In 1939, he led an ill-fated American expedition to K2, coming within 800 feet of the summit before having to turn back. Wiessner recounted that, although the difficulties of the climb had been passed and the remainder was straightforward, he turned back in deference to the wishes of his sherpa, Pasang Dawa Lama. (Note: p.219) The expedition was tainted by the loss of Dudley Wolfe, and initial accounts of the climb lay much of the blame on expedition leader Wiessner. In a 1956 article Wiessner instead directed criticism towards Jack Durrance. The controversy would be reignited after Durrance was convinced to release his personal expedition diary in 1989, which laid blame on the failings of both the deputy party leader Tony Cromwell and Wiessner.

No one came as close to the top of the mountain again until July 31, 1954, when the first ascent was achieved by Lino Lacedelli and Achille Compagnoni on the 1954 Italian Karakoram expedition.

==Non-climbing==
During his first years in America, Wiessner founded a chemical company that specialized in waxes, including a widely used ski wax known as Wiesner's Wonder Wax. He successfully developed his company during the Great Depression of the 1930s.

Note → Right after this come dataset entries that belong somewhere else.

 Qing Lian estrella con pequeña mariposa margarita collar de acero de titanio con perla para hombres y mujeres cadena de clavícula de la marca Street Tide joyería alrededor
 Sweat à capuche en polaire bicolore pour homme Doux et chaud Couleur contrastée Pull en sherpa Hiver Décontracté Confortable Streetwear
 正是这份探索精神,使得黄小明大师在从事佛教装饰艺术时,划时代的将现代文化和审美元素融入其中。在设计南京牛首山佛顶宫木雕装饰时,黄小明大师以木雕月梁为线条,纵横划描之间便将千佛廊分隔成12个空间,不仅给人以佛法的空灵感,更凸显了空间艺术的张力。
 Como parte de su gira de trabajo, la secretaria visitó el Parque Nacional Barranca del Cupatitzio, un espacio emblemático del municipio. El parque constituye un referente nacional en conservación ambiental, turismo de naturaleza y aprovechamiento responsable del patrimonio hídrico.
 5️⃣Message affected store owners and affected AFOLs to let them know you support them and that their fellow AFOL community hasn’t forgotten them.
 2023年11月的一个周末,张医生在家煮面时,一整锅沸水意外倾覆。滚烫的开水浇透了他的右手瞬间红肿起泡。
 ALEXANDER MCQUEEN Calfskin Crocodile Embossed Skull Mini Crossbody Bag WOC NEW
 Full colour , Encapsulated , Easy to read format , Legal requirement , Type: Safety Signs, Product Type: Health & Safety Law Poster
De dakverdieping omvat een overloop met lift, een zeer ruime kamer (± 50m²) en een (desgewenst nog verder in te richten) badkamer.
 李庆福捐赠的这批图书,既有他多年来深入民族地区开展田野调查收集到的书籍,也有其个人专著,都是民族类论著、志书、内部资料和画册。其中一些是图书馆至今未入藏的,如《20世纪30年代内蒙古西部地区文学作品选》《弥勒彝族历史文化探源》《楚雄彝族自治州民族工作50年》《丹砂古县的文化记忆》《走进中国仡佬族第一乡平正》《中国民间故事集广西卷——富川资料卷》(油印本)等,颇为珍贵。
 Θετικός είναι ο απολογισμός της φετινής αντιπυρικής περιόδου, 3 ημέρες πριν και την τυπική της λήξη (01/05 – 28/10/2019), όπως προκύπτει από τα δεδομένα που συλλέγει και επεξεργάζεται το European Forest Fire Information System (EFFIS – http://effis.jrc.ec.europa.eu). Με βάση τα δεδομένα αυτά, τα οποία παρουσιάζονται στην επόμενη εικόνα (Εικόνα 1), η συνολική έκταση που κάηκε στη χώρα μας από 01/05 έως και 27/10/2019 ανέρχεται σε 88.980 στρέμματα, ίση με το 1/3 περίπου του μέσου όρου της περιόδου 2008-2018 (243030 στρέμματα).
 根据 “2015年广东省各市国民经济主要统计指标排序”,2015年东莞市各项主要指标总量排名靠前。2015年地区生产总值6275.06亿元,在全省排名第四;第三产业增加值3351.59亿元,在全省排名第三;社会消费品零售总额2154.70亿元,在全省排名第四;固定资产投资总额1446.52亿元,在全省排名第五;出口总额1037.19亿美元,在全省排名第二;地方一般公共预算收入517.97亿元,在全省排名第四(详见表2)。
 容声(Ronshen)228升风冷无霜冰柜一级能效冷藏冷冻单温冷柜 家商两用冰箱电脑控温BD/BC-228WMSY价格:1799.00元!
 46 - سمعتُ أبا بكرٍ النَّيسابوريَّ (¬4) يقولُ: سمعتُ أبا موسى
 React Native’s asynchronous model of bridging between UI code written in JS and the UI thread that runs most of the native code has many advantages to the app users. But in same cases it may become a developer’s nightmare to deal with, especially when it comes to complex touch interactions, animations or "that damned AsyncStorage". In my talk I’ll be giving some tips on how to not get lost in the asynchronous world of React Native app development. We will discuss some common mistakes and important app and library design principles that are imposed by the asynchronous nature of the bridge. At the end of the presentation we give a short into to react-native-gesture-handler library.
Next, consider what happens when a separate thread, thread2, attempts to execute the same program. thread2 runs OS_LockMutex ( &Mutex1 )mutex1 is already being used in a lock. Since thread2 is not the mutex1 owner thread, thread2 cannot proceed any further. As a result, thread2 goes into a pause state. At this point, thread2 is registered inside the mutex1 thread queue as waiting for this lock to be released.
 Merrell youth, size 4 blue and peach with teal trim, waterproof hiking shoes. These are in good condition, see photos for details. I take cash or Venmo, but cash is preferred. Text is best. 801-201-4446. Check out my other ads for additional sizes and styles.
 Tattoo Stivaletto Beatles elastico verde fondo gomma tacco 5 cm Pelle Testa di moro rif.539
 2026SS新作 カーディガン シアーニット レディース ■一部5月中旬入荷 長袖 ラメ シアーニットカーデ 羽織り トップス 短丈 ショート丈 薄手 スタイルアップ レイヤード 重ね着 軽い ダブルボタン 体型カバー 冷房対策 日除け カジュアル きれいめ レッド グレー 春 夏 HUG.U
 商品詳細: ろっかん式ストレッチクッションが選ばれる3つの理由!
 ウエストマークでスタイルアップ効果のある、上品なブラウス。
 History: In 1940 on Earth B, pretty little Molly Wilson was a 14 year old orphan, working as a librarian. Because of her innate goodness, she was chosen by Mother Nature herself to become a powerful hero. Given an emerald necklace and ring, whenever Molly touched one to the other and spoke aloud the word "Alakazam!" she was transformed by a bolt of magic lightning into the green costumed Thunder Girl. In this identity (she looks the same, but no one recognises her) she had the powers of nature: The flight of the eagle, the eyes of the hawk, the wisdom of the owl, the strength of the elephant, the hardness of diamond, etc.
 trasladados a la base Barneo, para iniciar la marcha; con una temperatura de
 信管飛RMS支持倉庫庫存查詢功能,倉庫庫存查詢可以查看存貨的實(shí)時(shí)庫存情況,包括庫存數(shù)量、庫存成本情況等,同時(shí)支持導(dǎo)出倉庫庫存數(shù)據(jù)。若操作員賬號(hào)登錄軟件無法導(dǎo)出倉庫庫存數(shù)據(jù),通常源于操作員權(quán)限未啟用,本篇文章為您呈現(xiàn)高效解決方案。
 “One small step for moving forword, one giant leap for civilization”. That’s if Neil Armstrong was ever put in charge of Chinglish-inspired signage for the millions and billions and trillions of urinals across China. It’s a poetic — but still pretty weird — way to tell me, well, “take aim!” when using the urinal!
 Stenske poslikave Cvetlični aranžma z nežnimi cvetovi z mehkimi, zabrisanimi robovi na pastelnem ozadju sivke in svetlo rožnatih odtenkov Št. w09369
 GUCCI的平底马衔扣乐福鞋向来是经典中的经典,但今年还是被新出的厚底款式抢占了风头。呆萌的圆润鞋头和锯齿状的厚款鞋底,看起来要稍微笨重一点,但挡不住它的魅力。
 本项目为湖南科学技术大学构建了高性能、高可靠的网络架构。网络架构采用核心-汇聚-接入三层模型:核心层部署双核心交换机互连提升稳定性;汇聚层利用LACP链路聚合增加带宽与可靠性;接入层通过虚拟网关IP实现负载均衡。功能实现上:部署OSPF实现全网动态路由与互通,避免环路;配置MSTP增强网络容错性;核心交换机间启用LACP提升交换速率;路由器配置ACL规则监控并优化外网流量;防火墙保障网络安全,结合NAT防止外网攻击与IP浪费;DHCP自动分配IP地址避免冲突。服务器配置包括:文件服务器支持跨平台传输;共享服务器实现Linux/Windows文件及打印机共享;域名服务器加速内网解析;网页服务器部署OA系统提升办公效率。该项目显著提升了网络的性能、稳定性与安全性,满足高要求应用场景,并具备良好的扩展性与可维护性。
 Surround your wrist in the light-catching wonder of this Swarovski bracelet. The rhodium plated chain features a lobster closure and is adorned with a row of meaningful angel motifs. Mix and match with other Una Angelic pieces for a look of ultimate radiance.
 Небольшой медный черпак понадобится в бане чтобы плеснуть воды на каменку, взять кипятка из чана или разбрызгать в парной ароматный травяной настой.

Wiessner was also a proficient skier. He was reportedly disappointed that he was not allowed to fight for the U.S. in World War II, serving instead as a technical advisor to the 10th Mountain Division, and to the "equipment for cold climatic areas commission" of the office of the Quartermaster General of the United States Army in Washington, DC.

==Later years==
Wiessner remained an active climber up into his eighties, often stunning onlookers in the Shawangunks by soloing his early routes. He loved to solo his climb Gargoyle at Skytop by the light of the full moon.

Once, when climbing with a much younger climber sometime in the mid-1970s, the younger climber led the first pitch, and confided to Wiessner that he had soloed the route earlier in the week. "Ah, you must vee climbing pretty goot!" Wiessner said. He then took the lead for the second pitch, putting in no protection—effectively soloing the pitch. When his partner reached the top, Fritz grinned impishly. "I must vee climbing pretty good too" Wiessner (then in his middle 70s) said. (The source for this anecdote is Guy Waterman).

==Personal==
In 1945, he married Muriel Schoonmaker. In 1946, their son Andrew (Andy) was born. In 1947, their daughter Pauline (Polly) was born. Daughter and son both accompanied their father on many later expeditions and climbing trips. Muriel was a trusted climbing, scrambling, and skiing companion to Fritz for the rest of his life.

In 1952, the Wiessner family moved to Stowe, Vermont, where Fritz would live to the end of his days. Wiessner died after suffering a series of strokes at age 88. His family, including his wife Muriel and children Andrew and Pauline, honored his legacy by continuing to participate in outdoor activities. In recognition of his contributions, the Fritz Wiessner Woods was established as a memorial, and several climbing routes and areas have been named in his honor, ensuring that his influence on the sport endures.